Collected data

--

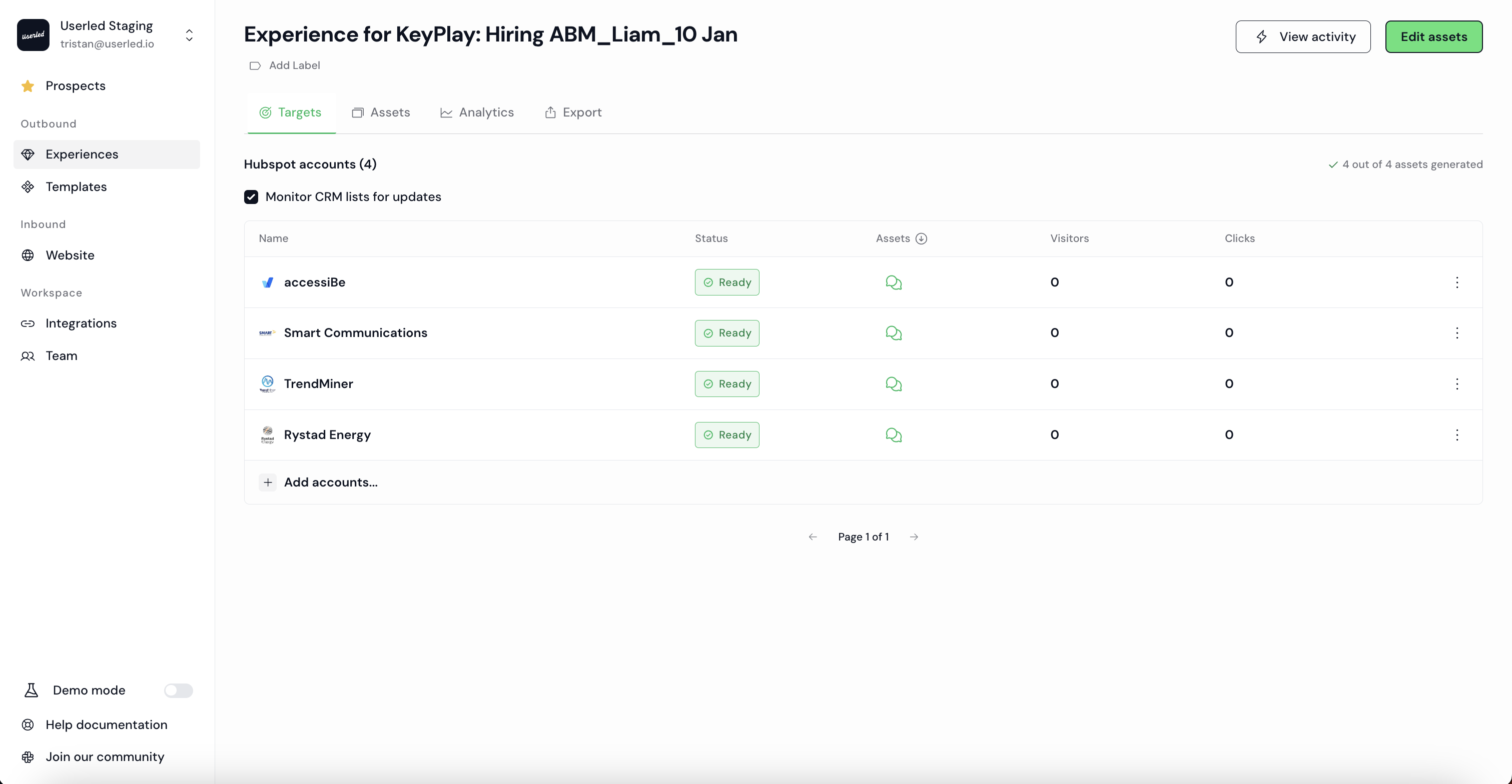 When new accounts are detected and added in Userled, we will generate the experience for that account automatically. This allows you to start with smaller target lists and scale them indefinitely!
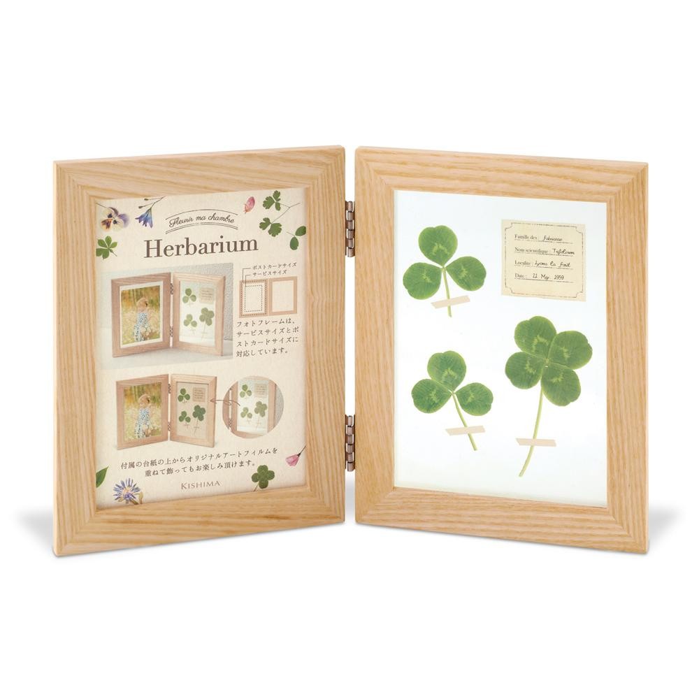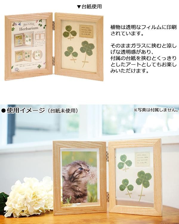 | フィルムに印刷された植物はまるで本物の植物を挟んだかのよう。アンティークな標本やスクラップブックを切り取ったようなアートな雰囲気が魅力です。もう片方にはお好きな写真を飾れます。 |
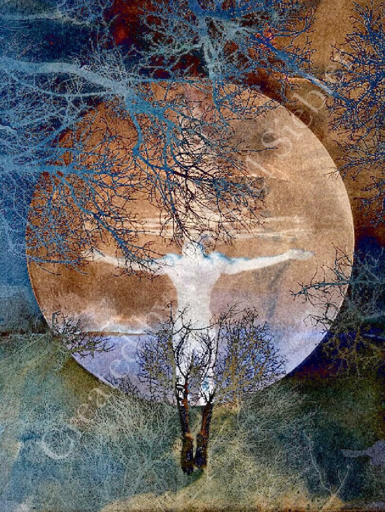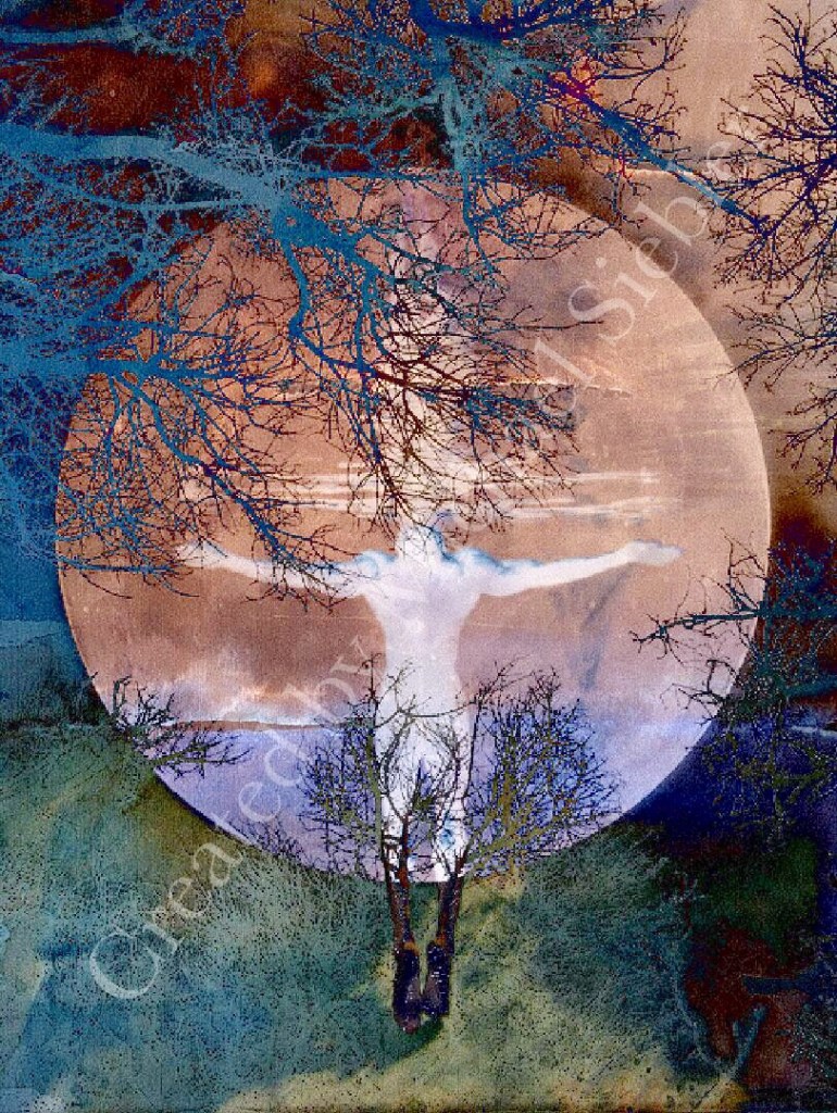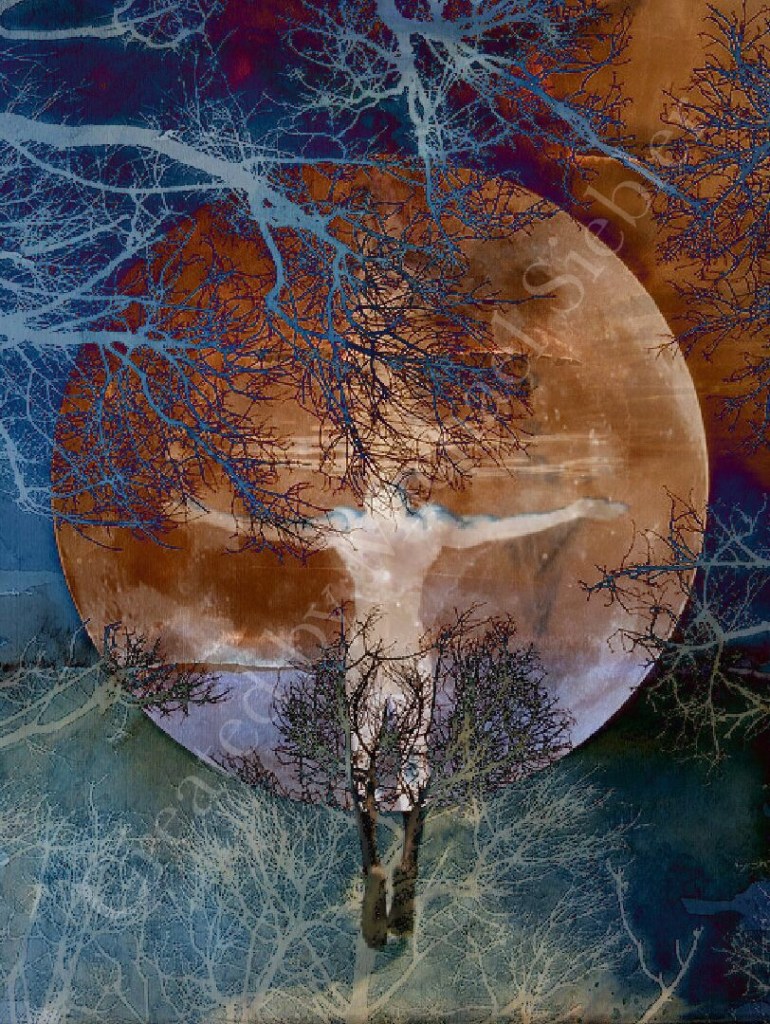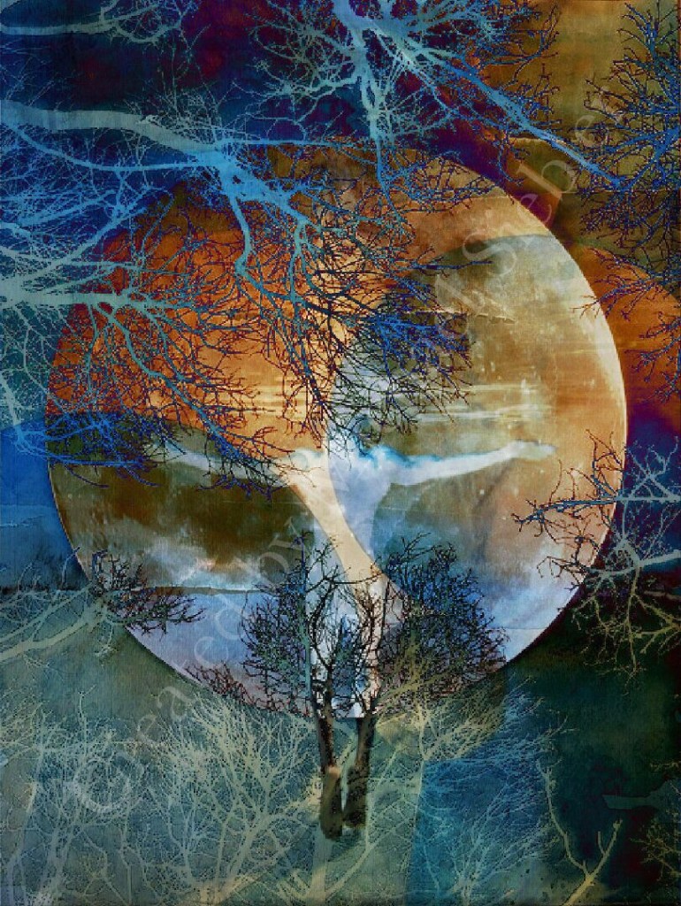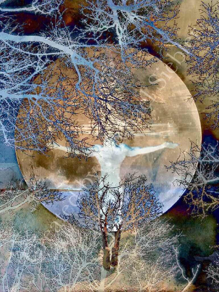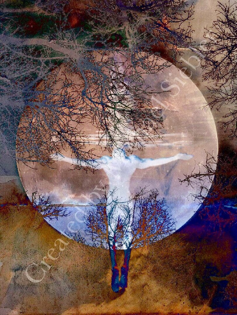 Das Bild hat eine meditative, fast magische Wirkung. Durch die Komposition zweier Fotos und einem meiner Aquarelle. Das liegt sicher an dem riesigen Mond vor dem der Mensch schwerelos zu schweben scheint.
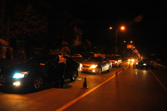 位于金桥北路的检查点,今晚查获多起酒后驾车
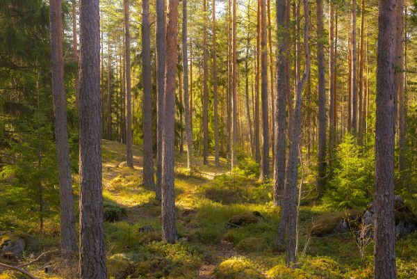 Una foresta in estate con alberi sottili in Finlandia.
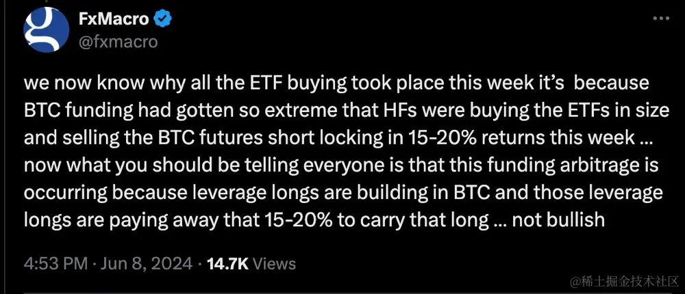 这很可怕。但也许更为轻松的答案是,机构正在通过比特币现货和期货进行套利。
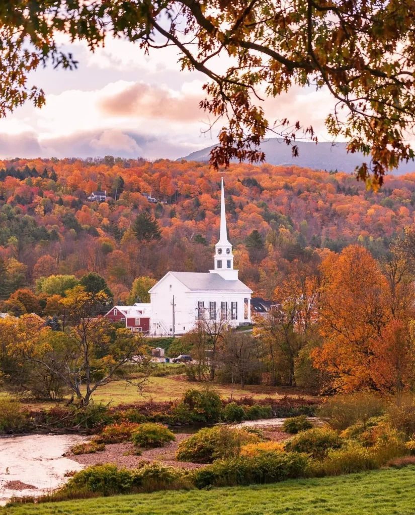 With its charming white-steepled church, covered bridges, and the explosion of color on Mount Mansfield, it’s the definition of Vermont In The Fall.
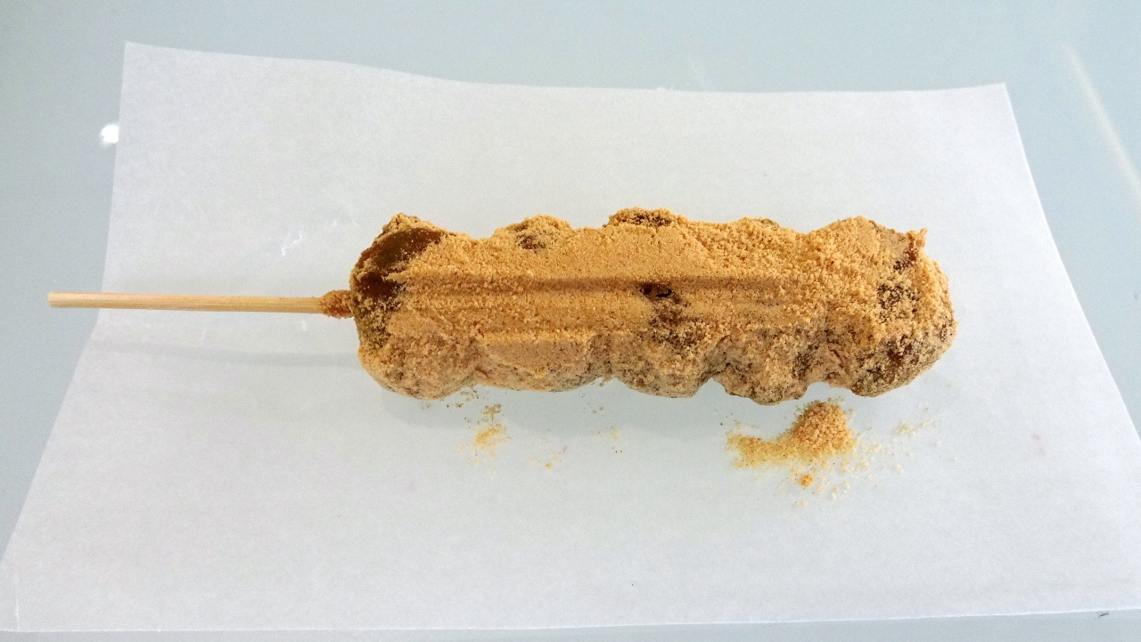 雑賀崎遊園バス停から雑賀崎灯台に向かう坂道の途中にある海鮮干物を直売している小さなお店です。店名のとおり,さんまの開きを中心に取り扱っているお店で,灰干乾燥という製法で仕上げている「灰干さんま」が目玉商品ですが,この日は,土曜日限定で販売されている「おおやさ」という雑賀崎の郷土菓子(黒蜜ときな粉をまぶしたよもぎの串団子。1本60円)を,散策途中のおやつにいただきました。小さなテーブルが置かれているので,店内で座って食べることができます。ちょっと硬めで,素朴な味でした。
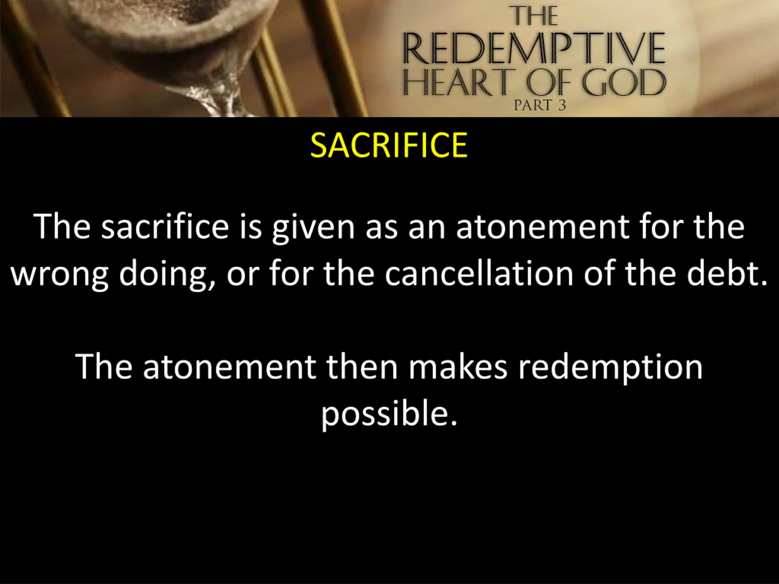 SACRIFICE The sacrifice is given as an atonement for the wrong doing, or for the cancellation of the debt. The atonement then makes redemption possible.
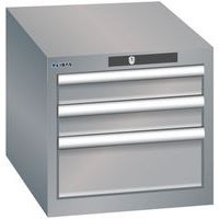 Dielenské zásuvkové skrine Lista, 3 alebo 4 zásuvky. Zamykanie kľúčom. Optimálne využitie vďaka plnému výsuvu a optimálnej výške čela zásuviek. Vynikajúca ochrana proti prachu, kvapalinám a mechanickému opotrebovaniu vďaka uzavretému rámu s povrchom odolným proti nárazom a oderu. Systém proti prevráteniu, ktorý zabraňuje pádu zásuvky, a individuálne zamykanie zásuviek. Ochrana proti korózii elektroforetickým imerzným lakovaním a striekaním. Optimalizované úložné priestory a organizácie vďaka deliacemu materiálu LISTA prispôsobenému každému použitiu a zásuvkám vybaveným drážkami a perforáciami. Profesionálne popisovanie s popisovacím softvérom LISTA Script a výklopnou úchytkou na vkladanie štítkov. Dokonale tichý pohyb vďaka sane bez priečnika Deliaci materiál do zásuviek nie je súčasťou dodávky. Nutné dokúpiť zvlášť. Max. zaťaženie (kg) : 75 kg
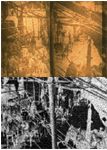 Figure 2: (above) Orbis montage video composite of mapped ares (27.5 mm à 16.5 mm) on faded black/white photo. The image is of a horse-drawn wagon on a city street. (below) Ag(L) elemental image of photo using 30 μm poly-capillary at approximately 250 DPI pixel density.

--

# Try it
Repeat the records above exactly, without pictures.

# Response to the task
 When new accounts are detected and added in Userled, we will generate the experience for that account automatically. This allows you to start with smaller target lists and scale them indefinitely!
 | フィルムに印刷された植物はまるで本物の植物を挟んだかのよう。アンティークな標本やスクラップブックを切り取ったようなアートな雰囲気が魅力です。もう片方にはお好きな写真を飾れます。 |
 Das Bild hat eine meditative, fast magische Wirkung. Durch die Komposition zweier Fotos und einem meiner Aquarelle. Das liegt sicher an dem riesigen Mond vor dem der Mensch schwerelos zu schweben scheint.
 位于金桥北路的检查点,今晚查获多起酒后驾车
 Una foresta in estate con alberi sottili in Finlandia.
 这很可怕。但也许更为轻松的答案是,机构正在通过比特币现货和期货进行套利。
 With its charming white-steepled church, covered bridges, and the explosion of color on Mount Mansfield, it’s the definition of Vermont In The Fall.
 雑賀崎遊園バス停から雑賀崎灯台に向かう坂道の途中にある海鮮干物を直売している小さなお店です。店名のとおり,さんまの開きを中心に取り扱っているお店で,灰干乾燥という製法で仕上げている「灰干さんま」が目玉商品ですが,この日は,土曜日限定で販売されている「おおやさ」という雑賀崎の郷土菓子(黒蜜ときな粉をまぶしたよもぎの串団子。1本60円)を,散策途中のおやつにいただきました。小さなテーブルが置かれているので,店内で座って食べることができます。ちょっと硬めで,素朴な味でした。
 SACRIFICE The sacrifice is given as an atonement for the wrong doing, or for the cancellation of the debt. The atonement then makes redemption possible.
 Dielenské zásuvkové skrine Lista, 3 alebo 4 zásuvky. Zamykanie kľúčom. Optimálne využitie vďaka plnému výsuvu a optimálnej výške čela zásuviek. Vynikajúca ochrana proti prachu, kvapalinám a mechanickému opotrebovaniu vďaka uzavretému rámu s povrchom odolným proti nárazom a oderu. Systém proti prevráteniu, ktorý zabraňuje pádu zásuvky, a individuálne zamykanie zásuviek. Ochrana proti korózii elektroforetickým imerzným lakovaním a striekaním. Optimalizované úložné priestory a organizácie vďaka deliacemu materiálu LISTA prispôsobenému každému použitiu a zásuvkám vybaveným drážkami a perforáciami. Profesionálne popisovanie s popisovacím softvérom LISTA Script a výklopnou úchytkou na vkladanie štítkov. Dokonale tichý pohyb vďaka sane bez priečnika Deliaci materiál do zásuviek nie je súčasťou dodávky. Nutné dokúpiť zvlášť. Max. zaťaženie (kg) : 75 kg
 Figure 2: (above) Orbis montage video composite of mapped ares (27.5 mm à 16.5 mm) on faded black/white photo. The image is of a horse-drawn wagon on a city street. (below) Ag(L) elemental image of photo using 30 μm poly-capillary at approximately 250 DPI pixel density.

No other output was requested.